DISCUSSION – Motion for Leave to Amend re Punitive Damages 

            Plaintiff seeks leave of the Court to maintain his punitive damages claim against Defendant. In light of the Court granting Defendant’s motion to strike Plaintiff’s punitive damages claims, the Court finds this motion moot and will deny it as such, without prejudice. Even if the Court were to consider the merits of the motion, the Court notes that the motion has numerous defects, such as failing to attach a copy of the proposed amended complaint, identifying the locations of the proposed changes, as well as a declaration that satisfies the requirements of Rule 3.1324, subdivision (b). (Cal. Rules of Court, rule 3.1324.) 

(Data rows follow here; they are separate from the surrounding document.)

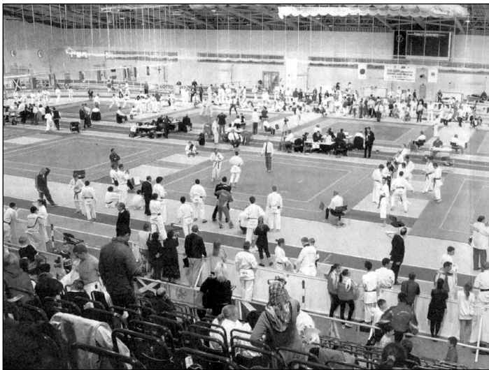
Die Welt zu Gast in Halle

Vielleicht auf ein neues in ein paar Jahren!!!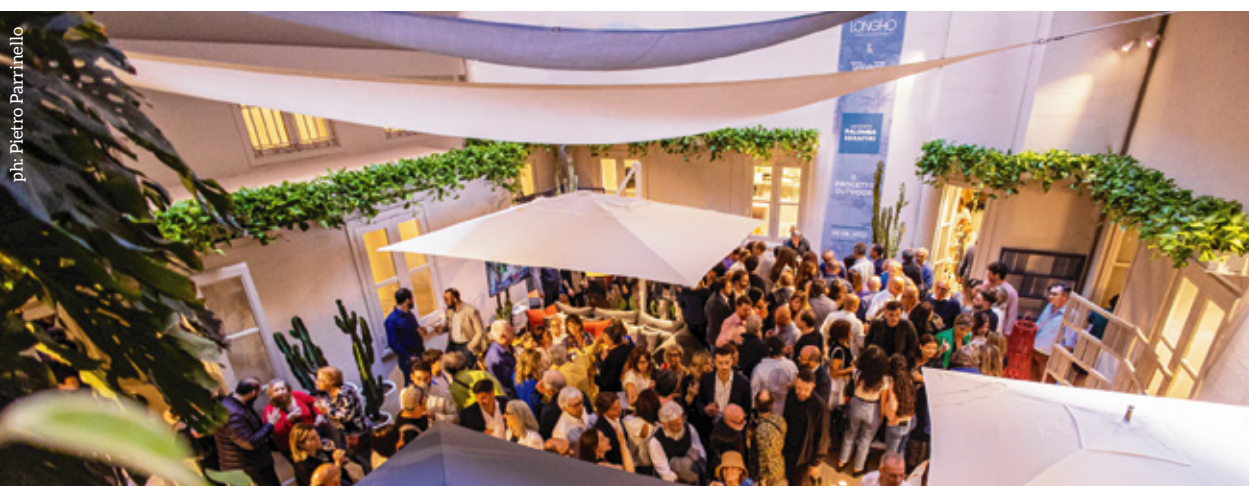
Uno dei cortili di Palazzo Pintacuda

Palermo prima di Milano, Palazzo Pintacuda invece di una fiera. Nella nostra città si è infatti tenuta la prima tappa dell'Outdoor Lab Tour 2023/24, la master class itinerante che mette a confronto didattica e sostenibilità, outdoor e design attraverso la lente d'ingrandimento dell'esperienza di celebri designers ed architetti.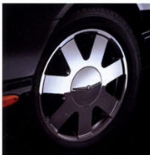
Jante de 17 po à 7 rayons, en aluminium chromé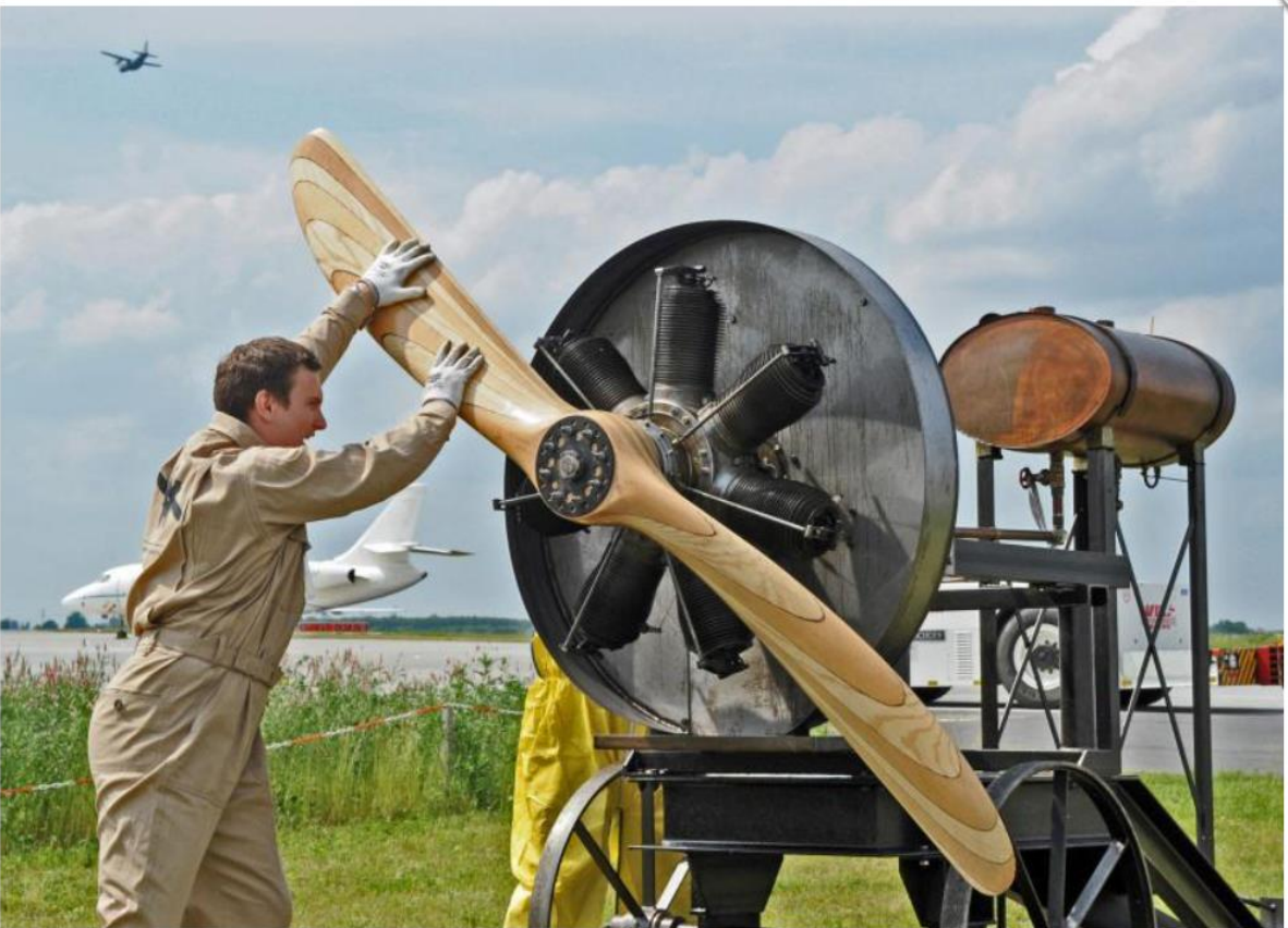
Bild 09 - In die Zylinder wird Kraftstoff gespritzt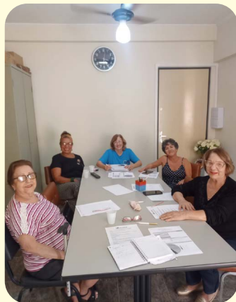
No dia 26 de julho, a Regional de Araraquara promoveu um dia de reunião com Dirigentes e membros do Conselho Deliberativo. Na pauta, a organização de novos eventos, lutas e projetos para o segundo semestre.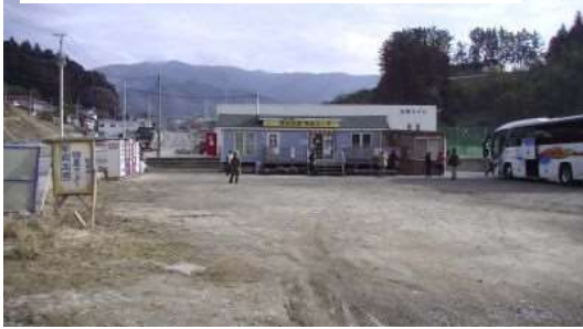
陸前高田物産センター・公衆トイレ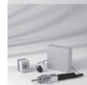
Steuerschrank, Motor- antrieb, Schlüsselschalter, Windwächter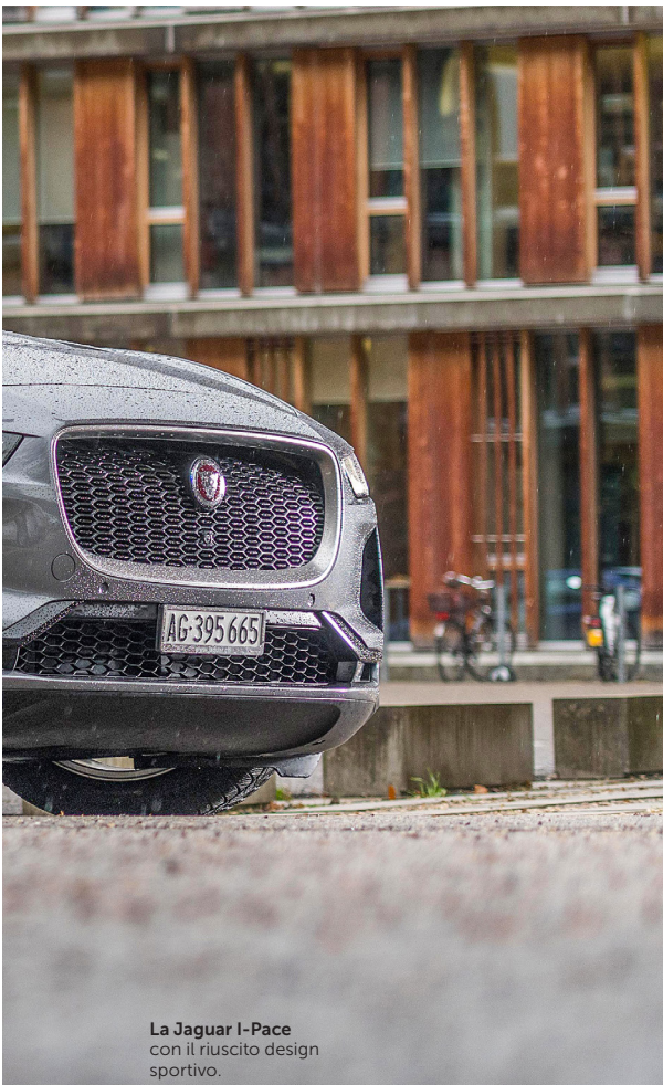
La Jaguar I-Pace con il riuscito design sportivo.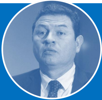
Caso Comisiones Paralelas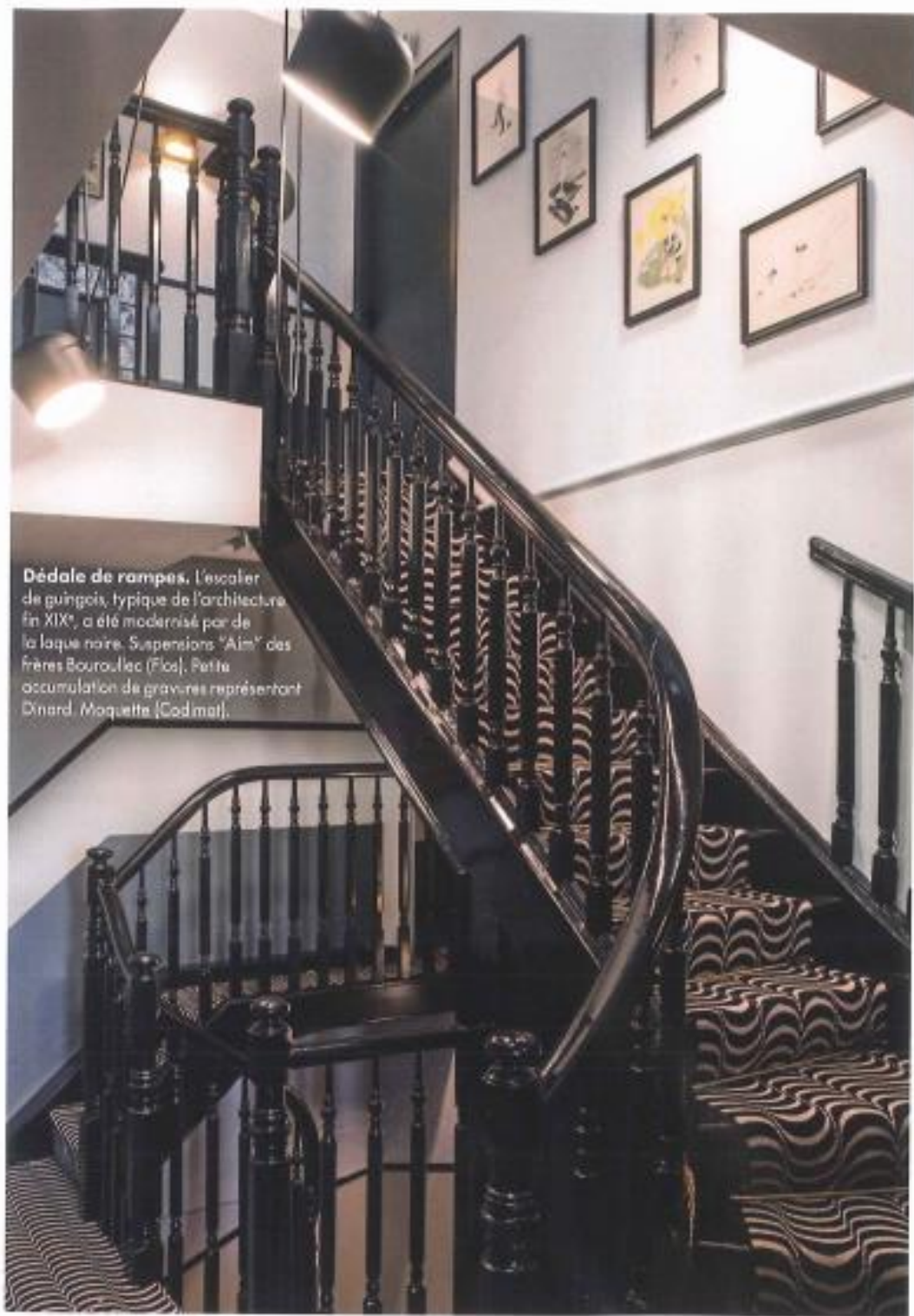
Dédale de rampes. L'escalier de guingois, typique de l'architecture fin XIX e , a été modernisé par de la laque noire. Suspensions "Aim" des frères Bouroullec (Flos). Petite accumulation de gravures représentant Dinard. Moquette (Codmat).

fil conducteur sur les cimaises, la robinetterie, les poignées, les interrupteurs et les encadrements de tête de lit. Autre thématique, le poisson – « j'ai voulu qu'il soit présent sur les portes, les miroirs, les moquettes et les placards », poursuit Sandra. Dans les chambres peintes dans un gris bleu très doux, la décoratrice a décliné panneaux de papier peint – « ils étaient déjà là, dit-elle, et je m'en suis inspirée » –, tissus à rayures ou à motifs végétaux – « n'oublions pas que l'hôtel est entouré de palmiers. »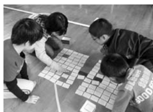
西紀小学校 西紀3小学校交流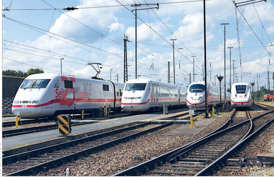
Die Deutsche Bahn präsentierte am 2. Juni 2016 mit einer Jubiläums-Aufschrift versehene Vertreter aller vier ICE-Generationen gemeinsam in Berlin-Grunewald.

□ Die ICE-Familie feierte jüngst den 25. Geburtstag. Am 29. Mai 1991 wurde der Betrieb mit den weißen Rennern im Rahmen einer Sternfahrt zum damals neuen ICE-Bahnhof Kassel-Wilhelmshöhe aufgenommen. Nachdem andere Industriestaaten wie Japan oder Frankreich längst modernen Hochgeschwindigkeitsverkehr auf der Schiene etabliert hatten, startete die Bundesbahn mit einiger Verspätung ins neue Zeitalter. Entsprechend groß waren daher die Erwartungen sowohl seitens der DB als auch der Fahrgäste. Einen schmerzlichen Tiefpunkt erlebte die ICE-Geschichte mit der Katastrophe von Eschede 1998. Letztendlich hat sich das ICE-System im Rahmen seiner Möglichkeiten aber dennoch bewährt. Inzwischen ist mit dem ICE4 die vierte Fahrzeuggeneration am Start. Keine Frage,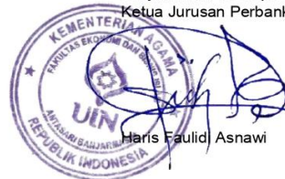
Haris Faulid Asnawi

Banjarmasin, 28 September 2020 Ketua Jurusan Perbankan Syariah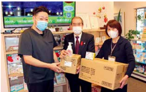
イナムラ歯科医院 様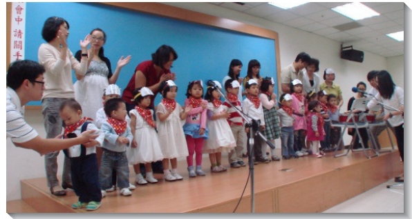
▲十三會所兒童排展覽

當日的展覽由青年隊輔的詩歌帶動唱揭開序幕；他們個個動作整齊，靈裏高昂，吸引小朋友認真投入。青年隊輔的簡短見證，也讓父母看到，孩子若在召會中成長，被神牧養，將如何蒙保守、被祝福。接著，我們播放了這一年來兒童活潑可愛的照片集錦。然後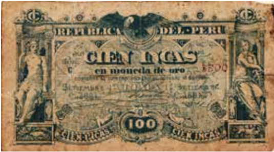
100 incas, República del Perú, 1881.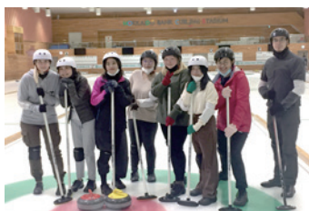
學校大型活動之一「秋季冰壺體驗」

ACD留學情報站 E-mail: jsclub@acd.com.tw TEL: (02)8771-4088 • 080-080-6278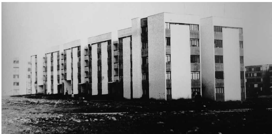
Figura 6: Edificio de 5 pisos sector 6 del conjunto Remodelación San Luis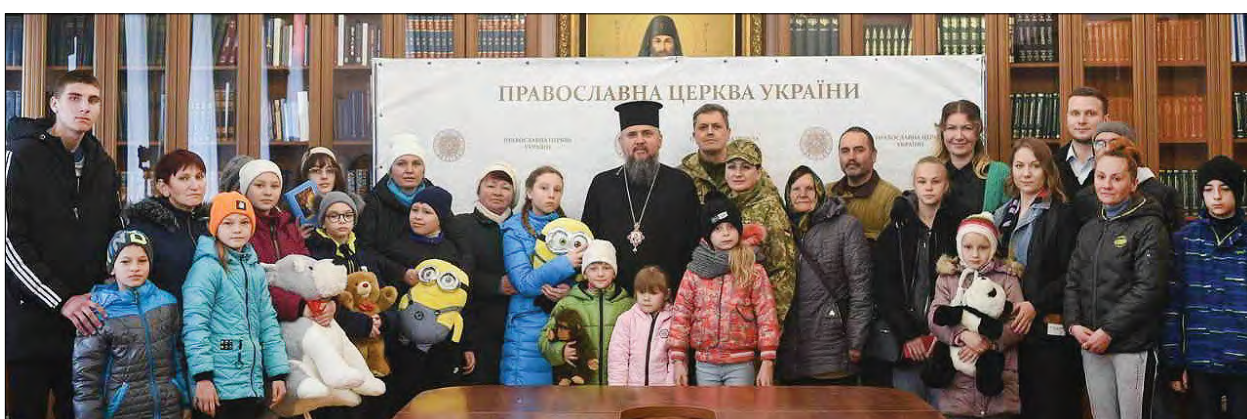
Учасники зустрічі з Митрополитом Епіфанієм.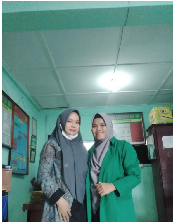
Gambar 9. Foto Bersama Wakasek Kurikulum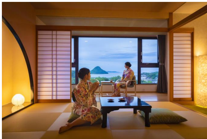
『天草の海を臨む客室』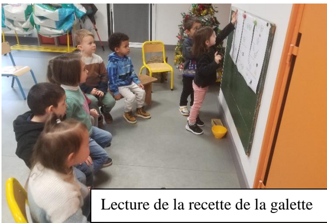
Lecture de la recette de la galette

            Based on the foregoing, the Court DENIES the motion for leave to amend regarding punitive damages as moot, without prejudice. 

CONCLUSION 

The Court SUSTAINS Defendant Allied Physicians of California IPA’s demurrer to Plaintiff’s complaint with 30 days’ leave to amend. 

The Court GRANTS Defendant Allied Physicians of California IPA’s motion to strike as to the following portions of the complaint, without prejudice to Plaintiff seeking leave to amend: 

5.      The following language at Prayer for Relief, item a. 3, page 7, lines 6 to 7, in its entirety: “Punitive damages for wrongfully delayed and denied cancer treatment second times, but certainly in excess of $8.8 million.”;

6.      The following references to “punitive damages” at page 1, line 25; page 5, line 18, and page 6, line 3;

7.      The following language at page 4, line 24: “with deliberated malice.”; and

8.      The following language at page 4, lines 25-26: “This not only shows a profound disregard for human life but also constitutes torture with malice and intentional harm.” 

The Court DENIES Plaintiff Ning Sun’s motion for leave to amend regarding punitive damages as moot, without prejudice. 

             Defendant is ordered to give notice of the Court’s ruling within five calendar days of this order.